*Problem*:
Print nothing except the lines of the listing below from the line with "胡散臭い通販商品みたいなあだ名 | 『必ず成功する水晶球…その名も「よしとむ」』 |" to the line with "1949年9月加入党组织的张", each exactly as written, both ends included.

*Supplied data*:
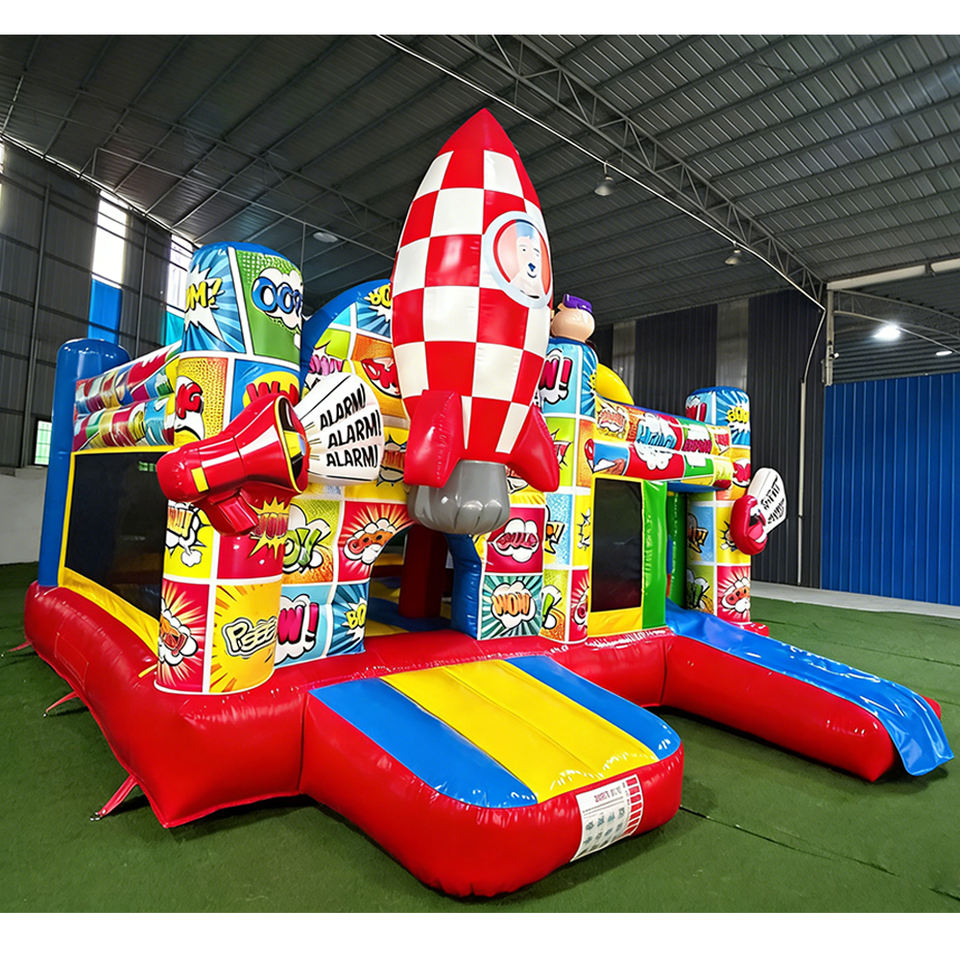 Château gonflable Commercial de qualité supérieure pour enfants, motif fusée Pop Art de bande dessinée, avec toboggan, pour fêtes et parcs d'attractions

...

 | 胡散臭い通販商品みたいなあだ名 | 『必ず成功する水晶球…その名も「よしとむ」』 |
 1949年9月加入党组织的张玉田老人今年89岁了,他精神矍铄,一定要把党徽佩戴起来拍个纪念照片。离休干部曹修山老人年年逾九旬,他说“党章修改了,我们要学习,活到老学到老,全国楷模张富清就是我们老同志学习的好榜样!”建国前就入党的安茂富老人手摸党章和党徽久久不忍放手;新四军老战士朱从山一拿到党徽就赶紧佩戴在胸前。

---

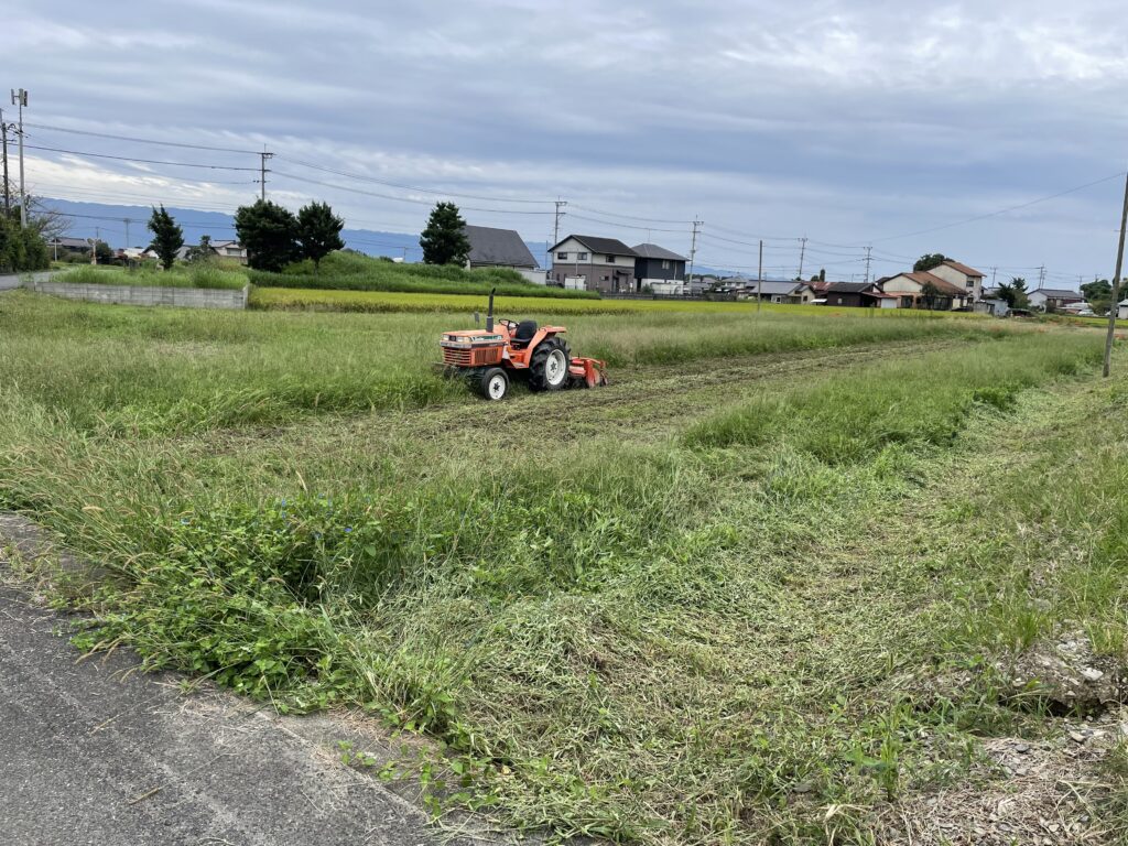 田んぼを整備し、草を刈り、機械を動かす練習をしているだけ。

*The completed task*:
 | 胡散臭い通販商品みたいなあだ名 | 『必ず成功する水晶球…その名も「よしとむ」』 |
 1949年9月加入党组织的张玉田老人今年89岁了,他精神矍铄,一定要把党徽佩戴起来拍个纪念照片。离休干部曹修山老人年年逾九旬,他说“党章修改了,我们要学习,活到老学到老,全国楷模张富清就是我们老同志学习的好榜样!”建国前就入党的安茂富老人手摸党章和党徽久久不忍放手;新四军老战士朱从山一拿到党徽就赶紧佩戴在胸前。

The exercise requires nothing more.